_RECORDS FOR THIS EXERCISE_.
* * * * *

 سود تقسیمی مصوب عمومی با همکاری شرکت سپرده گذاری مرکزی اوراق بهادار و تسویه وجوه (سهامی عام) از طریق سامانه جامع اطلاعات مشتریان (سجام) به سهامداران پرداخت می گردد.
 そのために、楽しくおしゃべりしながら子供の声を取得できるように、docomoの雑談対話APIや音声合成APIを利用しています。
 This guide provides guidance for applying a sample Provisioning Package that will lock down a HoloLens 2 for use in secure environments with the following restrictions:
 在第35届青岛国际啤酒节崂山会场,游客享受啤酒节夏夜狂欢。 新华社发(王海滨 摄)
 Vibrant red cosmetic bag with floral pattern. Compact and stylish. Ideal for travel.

* * * * *

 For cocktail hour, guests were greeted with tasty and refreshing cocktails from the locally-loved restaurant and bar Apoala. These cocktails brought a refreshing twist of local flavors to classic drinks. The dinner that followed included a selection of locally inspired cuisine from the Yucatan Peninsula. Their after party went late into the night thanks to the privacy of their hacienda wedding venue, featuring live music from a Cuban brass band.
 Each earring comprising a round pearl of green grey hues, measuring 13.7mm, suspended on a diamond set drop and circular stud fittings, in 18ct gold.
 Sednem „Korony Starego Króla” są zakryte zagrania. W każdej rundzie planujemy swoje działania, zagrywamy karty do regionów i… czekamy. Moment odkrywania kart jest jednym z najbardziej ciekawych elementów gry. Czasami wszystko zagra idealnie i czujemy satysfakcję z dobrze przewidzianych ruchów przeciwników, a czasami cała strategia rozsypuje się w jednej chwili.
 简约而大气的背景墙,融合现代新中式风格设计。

* * * * *

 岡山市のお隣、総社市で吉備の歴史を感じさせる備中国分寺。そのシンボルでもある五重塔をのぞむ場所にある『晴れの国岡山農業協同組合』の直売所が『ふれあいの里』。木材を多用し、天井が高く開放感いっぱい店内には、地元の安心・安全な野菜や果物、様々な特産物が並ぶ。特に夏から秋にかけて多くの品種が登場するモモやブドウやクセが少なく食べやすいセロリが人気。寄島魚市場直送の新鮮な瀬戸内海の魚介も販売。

* * * * *

_PROMPT_.
Say how many lines in the records hold the word "that", giving the number by itself.

_RESPONSE_.
2